• [Data entries]
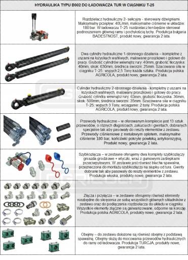 Zestaw jest sprawdzony, wielokrotnie montowany na ładowaczu w ciągniku T-25. Zestaw nie wymaga demontowania starego rozdzielacza, czyli tylny podnośnik i kipowanie będzie działać po staremu.
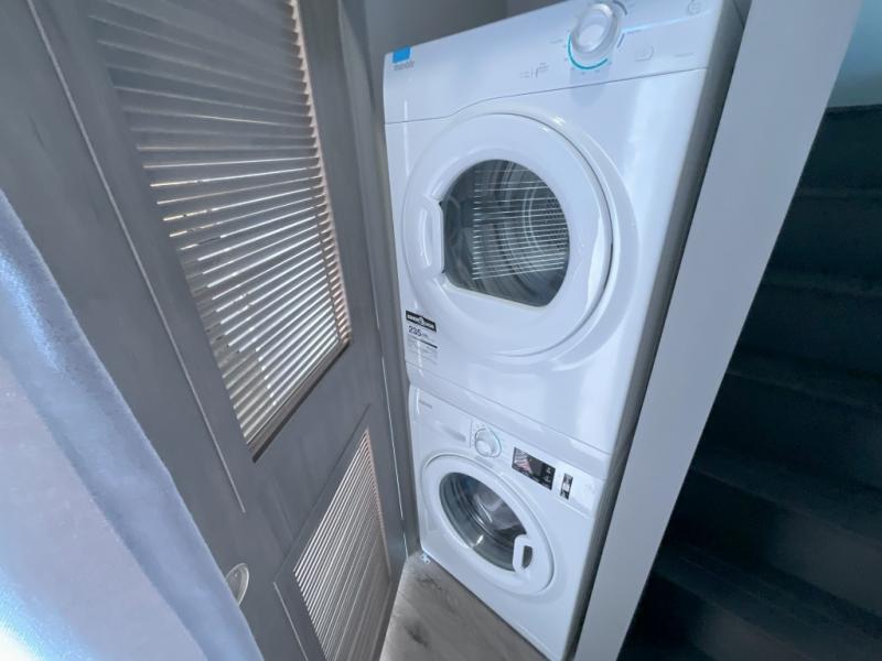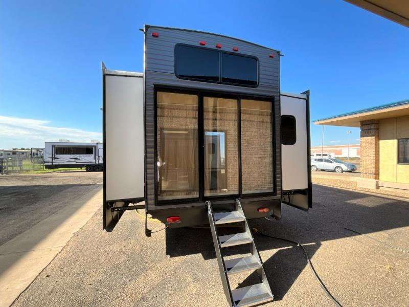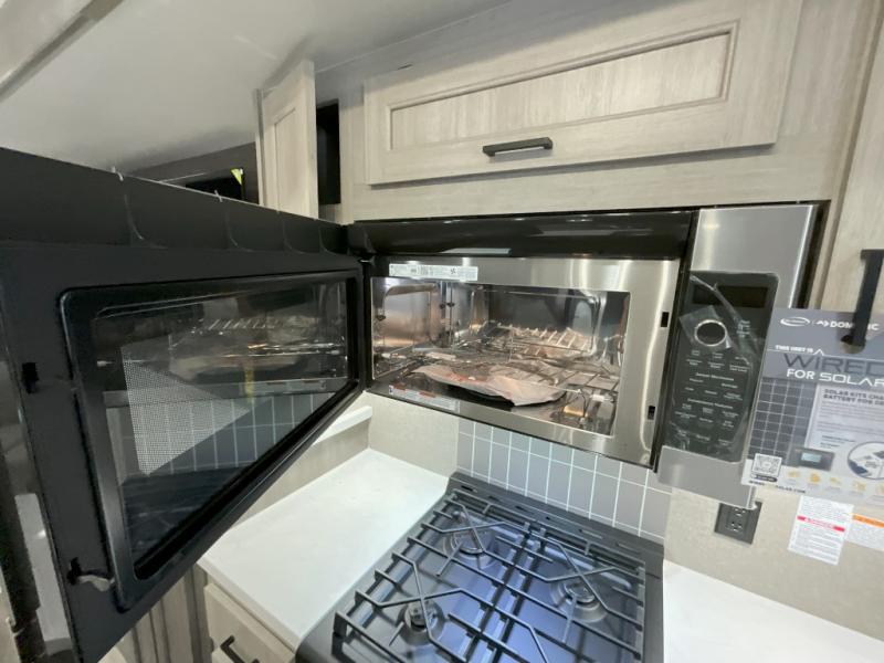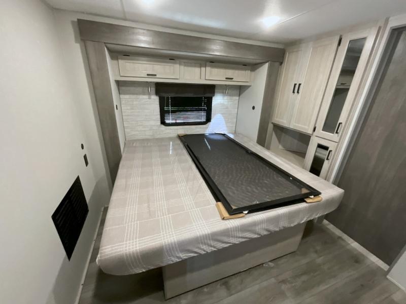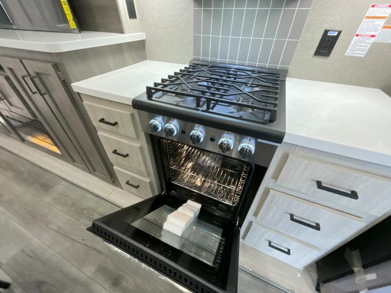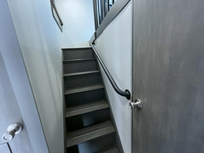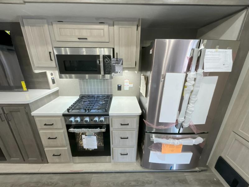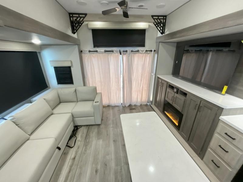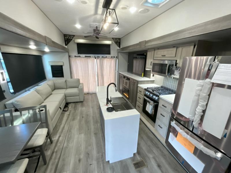 There is much to love about this destination trailer! Starting with the loft that has two queen beds, a wardrobe/storage, and a custom 58" x 71" bed. Downstairs there's a private bedroom with a king bed slide, a fireplace, and its very own private full bathroom complete with a dual sink vanity. The main living area has a huge bi-fold sleeper sectional sofa so you can fit even more guests, or just relax and watch the TV on the power lift in the entertainment center. The kitchen is well-equipped with a residential refrigerator, microwave, and pantry. The centerpiece here is a kitchen island with a deep basin farm-style sink and bar stool seating so your group can gather together and make new memories. The second full bath has a roomy 36" x 30" shower with glass door, and just outside it is the stackable washer and dryer!
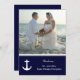 Somente recepção, após o casamento, convites temáticos tropicais ou náuticos com modelo de foto. Papelaria clássica, azul-marinho e branca com texto modelo, casal de âncora e estrela-do-mar brancos. Apresentando os recém-casados. Atualize o papel se desejar.
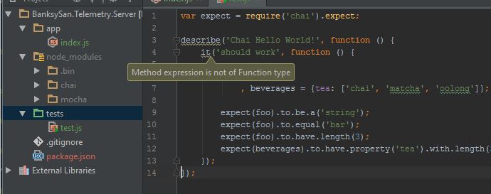 我承认我在这里是个书呆子。我在WebStorm中做了一个摩卡测试,WebStorm抱怨describe()和it()不是函数类型。
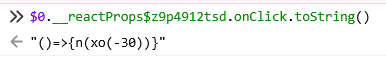 On déplie maintenant la propriété reactProps de notre bouton. On y retrouve effectivement une fonction h(). On peut afficher son contenu avec : $0.__reactProps$z9p4912tsd.onClick.toString().
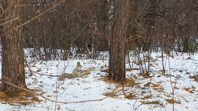 Белка сменила шубку, закапывает орехи на зиму
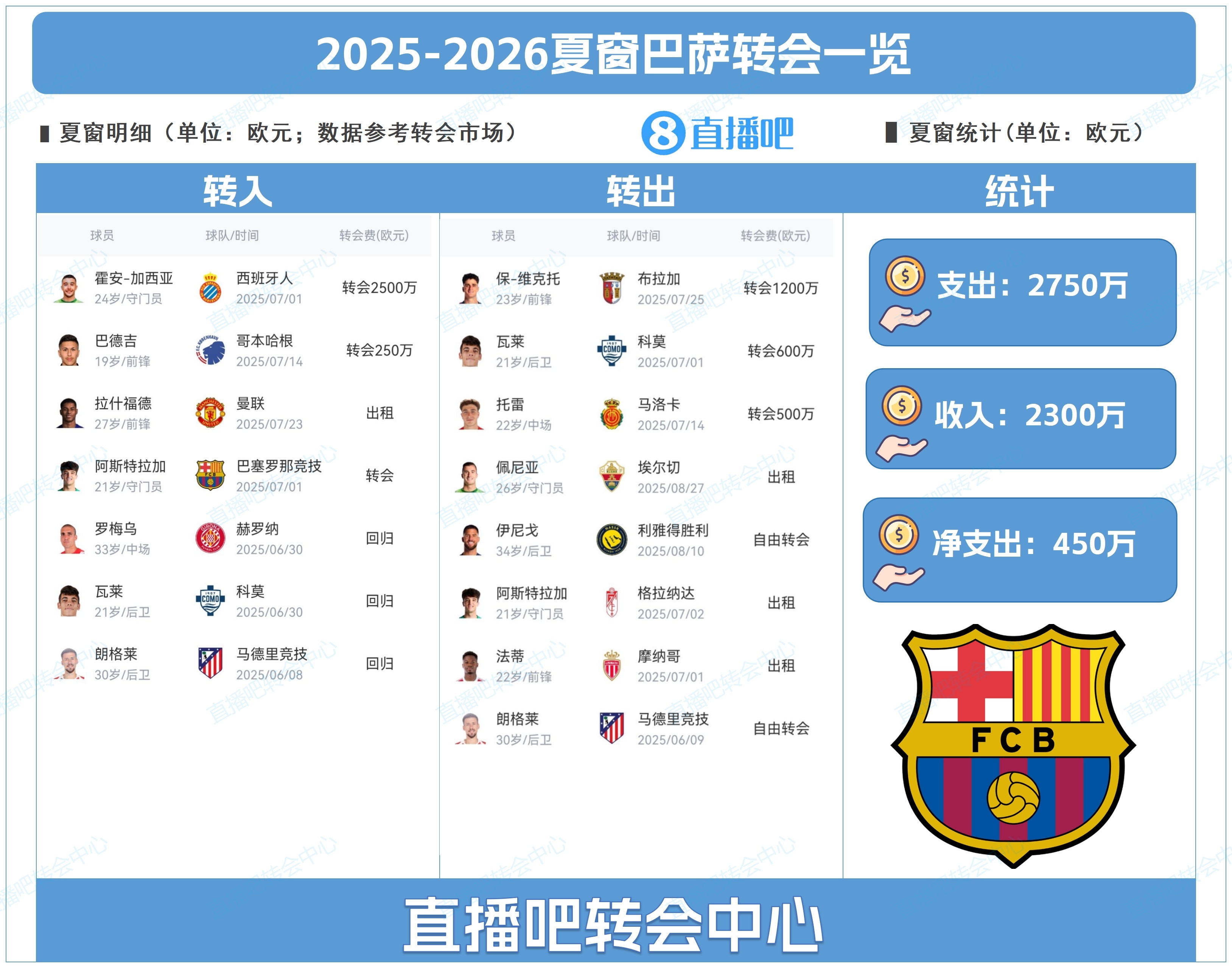 為吧友們總結(jié)了巴塞羅那今夏的轉(zhuǎn)會(huì)操作,吧友們能打幾分?
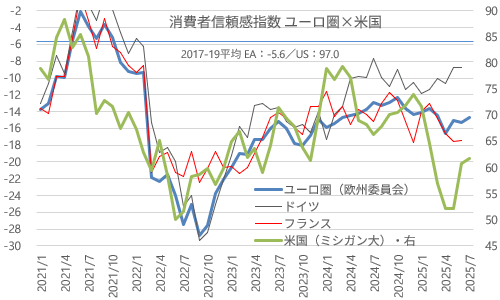 米欧ともにトランプ関税ショックで急激に落ち込んだ春からは急回復し、関税合意がまとまりつつある現状から今後、米欧の消費センチメントも一段と回復していく可能性も期待されそうです。
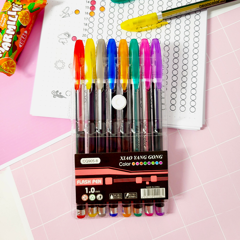 Ручка гелева, набір 8 кольорів, чорний корпус, CQ905-8, 805-8, 74-34, Імп
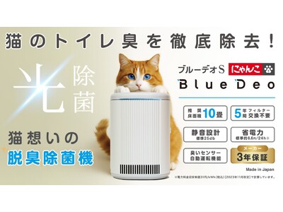 株式会社フジコー(本社:福岡県北九州市、代表取締役社長:萩尾 寿昭 以下フジコー)は、猫想いの脱臭除菌機「ブルーデオS にゃんこモデル」を開発。2025年11月1日(土)より、全国の量販店、専門店、ECサイト等にて販売開始いたします。これまでのブルーデオS型(型名:MC-S201)も、脱臭力には好評を頂いていましたが、今回のブルーデオS にゃんこモデル(型名:MC-S311C。以下「にゃんこモデル」)は、猫の糞尿の臭いに特にフォーカスするとともに猫を気遣った製品に仕上げています。11月から、猫のかわいい動画とともに、(範囲は限定的となりますが)テレビCM、YouTube配信、TikTok配信などを行っていきます。
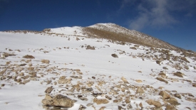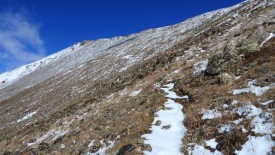 Plus de traces pour nous guider. Stefano branche ses path finding skills (aidé par son GPS…). Pour quelques mètres seulement car le versant sur lequel nous marchons maintenant doit recevoir une bonne dose de soleil. La neige y a disparu.
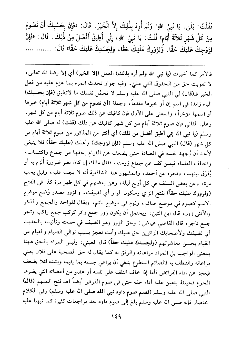 فَقُلْتُ: بَلَى. يَا نَبِيَّ اللهِ! وَلَمْ أُرِدْ بِذلِكَ إلا الْخَيرَ. قَال: "فَإِن بِحَسْبِكَ أَنْ تَصُومَ مِنْ كُلِّ شَهْرٍ ثَلاثةَ أَيَّامٍ" قُلْتُ: يَا نَبِيَّ اللهِ، إِنِّي أُطِيقُ أَفْضَلَ مِنْ ذلِكَ. قَال: "فَإِنَّ لِزَوْجِكَ عَلَيكَ حَقًّا. وَلِزَوْرِكَ عَلَيكَ حَقًّا، وَلِجَسَدِكَ عَلَيكَ حَقًّا" قَال:
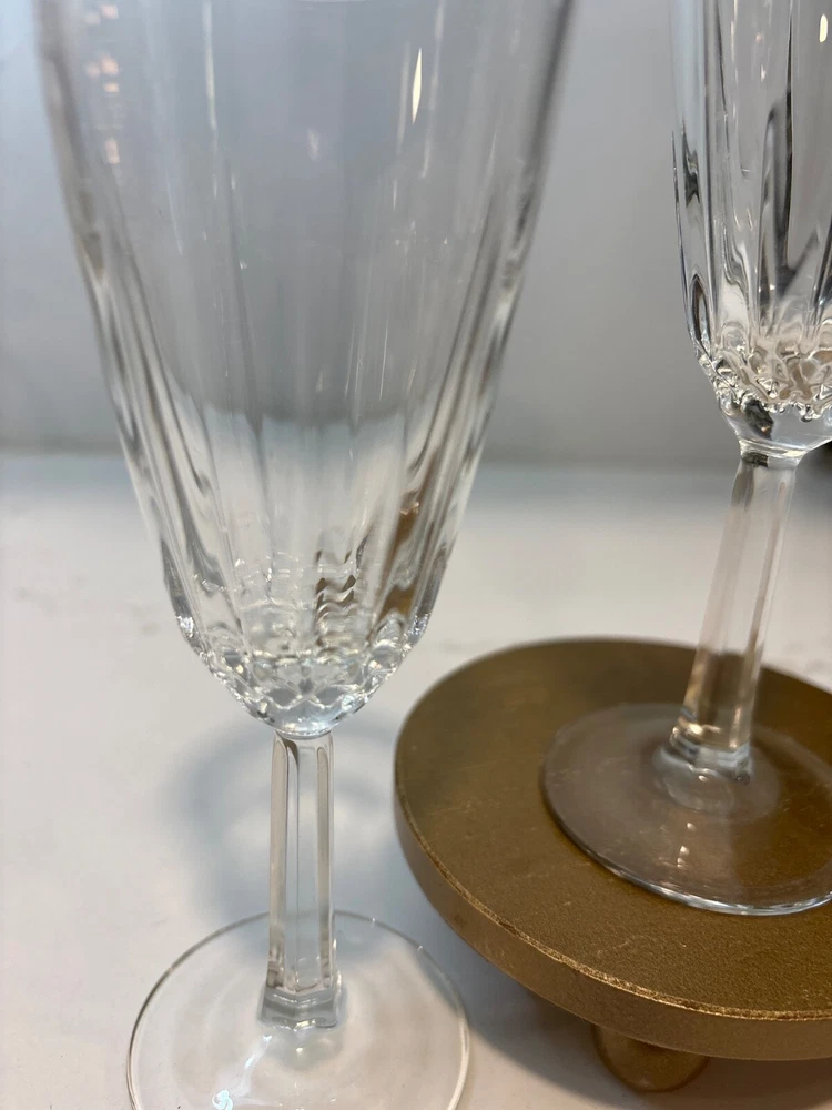 Elevate your toasting experience with this set of 2 Long Champ Champagne Flutes. Crafted from premium crystal, these glasses offer a clear, refined view of your bubbly, ensuring every sip is as delightful to the eyes as it is to your taste buds. The Mid-Century Modern design exudes a timeless elegance, making these flutes a sophisticated addition to any occasion. The cut glass production style not only showcases the drink's effervescence but also enhances the visual appeal of your table setting. Whether it's a celebration or an elegant dinner, these unbranded champagne glasses are designed to impress while providing a classic touch to your dining experience.

• [WHAT YOU ARE ASKED TO DO]
Take every record and copy it word for word, dropping the pictures.

• [SOLUTION FOR THIS EXERCISE]
 Zestaw jest sprawdzony, wielokrotnie montowany na ładowaczu w ciągniku T-25. Zestaw nie wymaga demontowania starego rozdzielacza, czyli tylny podnośnik i kipowanie będzie działać po staremu.
 There is much to love about this destination trailer! Starting with the loft that has two queen beds, a wardrobe/storage, and a custom 58" x 71" bed. Downstairs there's a private bedroom with a king bed slide, a fireplace, and its very own private full bathroom complete with a dual sink vanity. The main living area has a huge bi-fold sleeper sectional sofa so you can fit even more guests, or just relax and watch the TV on the power lift in the entertainment center. The kitchen is well-equipped with a residential refrigerator, microwave, and pantry. The centerpiece here is a kitchen island with a deep basin farm-style sink and bar stool seating so your group can gather together and make new memories. The second full bath has a roomy 36" x 30" shower with glass door, and just outside it is the stackable washer and dryer!
 Somente recepção, após o casamento, convites temáticos tropicais ou náuticos com modelo de foto. Papelaria clássica, azul-marinho e branca com texto modelo, casal de âncora e estrela-do-mar brancos. Apresentando os recém-casados. Atualize o papel se desejar.
 我承认我在这里是个书呆子。我在WebStorm中做了一个摩卡测试,WebStorm抱怨describe()和it()不是函数类型。
 On déplie maintenant la propriété reactProps de notre bouton. On y retrouve effectivement une fonction h(). On peut afficher son contenu avec : $0.__reactProps$z9p4912tsd.onClick.toString().
 Белка сменила шубку, закапывает орехи на зиму
 為吧友們總結(jié)了巴塞羅那今夏的轉(zhuǎn)會(huì)操作,吧友們能打幾分?
 米欧ともにトランプ関税ショックで急激に落ち込んだ春からは急回復し、関税合意がまとまりつつある現状から今後、米欧の消費センチメントも一段と回復していく可能性も期待されそうです。
 Ручка гелева, набір 8 кольорів, чорний корпус, CQ905-8, 805-8, 74-34, Імп
 株式会社フジコー(本社:福岡県北九州市、代表取締役社長:萩尾 寿昭 以下フジコー)は、猫想いの脱臭除菌機「ブルーデオS にゃんこモデル」を開発。2025年11月1日(土)より、全国の量販店、専門店、ECサイト等にて販売開始いたします。これまでのブルーデオS型(型名:MC-S201)も、脱臭力には好評を頂いていましたが、今回のブルーデオS にゃんこモデル(型名:MC-S311C。以下「にゃんこモデル」)は、猫の糞尿の臭いに特にフォーカスするとともに猫を気遣った製品に仕上げています。11月から、猫のかわいい動画とともに、(範囲は限定的となりますが)テレビCM、YouTube配信、TikTok配信などを行っていきます。
 Plus de traces pour nous guider. Stefano branche ses path finding skills (aidé par son GPS…). Pour quelques mètres seulement car le versant sur lequel nous marchons maintenant doit recevoir une bonne dose de soleil. La neige y a disparu.
 فَقُلْتُ: بَلَى. يَا نَبِيَّ اللهِ! وَلَمْ أُرِدْ بِذلِكَ إلا الْخَيرَ. قَال: "فَإِن بِحَسْبِكَ أَنْ تَصُومَ مِنْ كُلِّ شَهْرٍ ثَلاثةَ أَيَّامٍ" قُلْتُ: يَا نَبِيَّ اللهِ، إِنِّي أُطِيقُ أَفْضَلَ مِنْ ذلِكَ. قَال: "فَإِنَّ لِزَوْجِكَ عَلَيكَ حَقًّا. وَلِزَوْرِكَ عَلَيكَ حَقًّا، وَلِجَسَدِكَ عَلَيكَ حَقًّا" قَال:
 Elevate your toasting experience with this set of 2 Long Champ Champagne Flutes. Crafted from premium crystal, these glasses offer a clear, refined view of your bubbly, ensuring every sip is as delightful to the eyes as it is to your taste buds. The Mid-Century Modern design exudes a timeless elegance, making these flutes a sophisticated addition to any occasion. The cut glass production style not only showcases the drink's effervescence but also enhances the visual appeal of your table setting. Whether it's a celebration or an elegant dinner, these unbranded champagne glasses are designed to impress while providing a classic touch to your dining experience.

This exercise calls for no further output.